Practical Guidance for Litigants
- Calendar the 90-day PLRA deadline from the date of entry of preliminary relief. Seek timely conversion or extension with the required PLRA findings.
- If appealing, move to expedite early, but also pursue district court action to avoid expiration (e.g., request evidentiary hearings or status conferences to convert relief to permanent injunction when warranted).
- If a preliminary order does expire, file a fresh notice of appeal from any newly entered preliminary injunction; do not assume consolidation will cure mootness in the earlier appeal.

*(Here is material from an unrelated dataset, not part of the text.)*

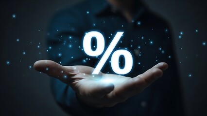 Glowing percentage symbol floats above open hand with blue digital particles percent sign light

- Expect vacatur if an appeal becomes moot due to PLRA expiration and prepare to re-litigate core issues without relying on the vacated order’s findings.
Conclusion
Voice of the Experienced v. LeBlanc delivers a crisp procedural lesson: in prison-conditions litigation, the PLRA’s 90-day limit on preliminary injunctive relief can extinguish appellate jurisdiction and compel vacatur of the district court’s order under Munsingwear. The Fifth Circuit’s approach—mirroring its earlier decision in the same case—cements a predictable sequence: expiration begets mootness, and mootness begets vacatur, absent voluntary mootness by the parties. The ruling neither resolves nor prejudges the underlying Eighth Amendment claims. Instead, it preserves fairness and clears the deck for renewed, fully reviewable litigation—indeed, the district court’s new preliminary injunction is now the subject of a separate appeal. For practitioners, the case is a sharp reminder that timing and procedure are determinative in the PLRA context; substantive victories can evaporate unless the statutory clock is managed with precision.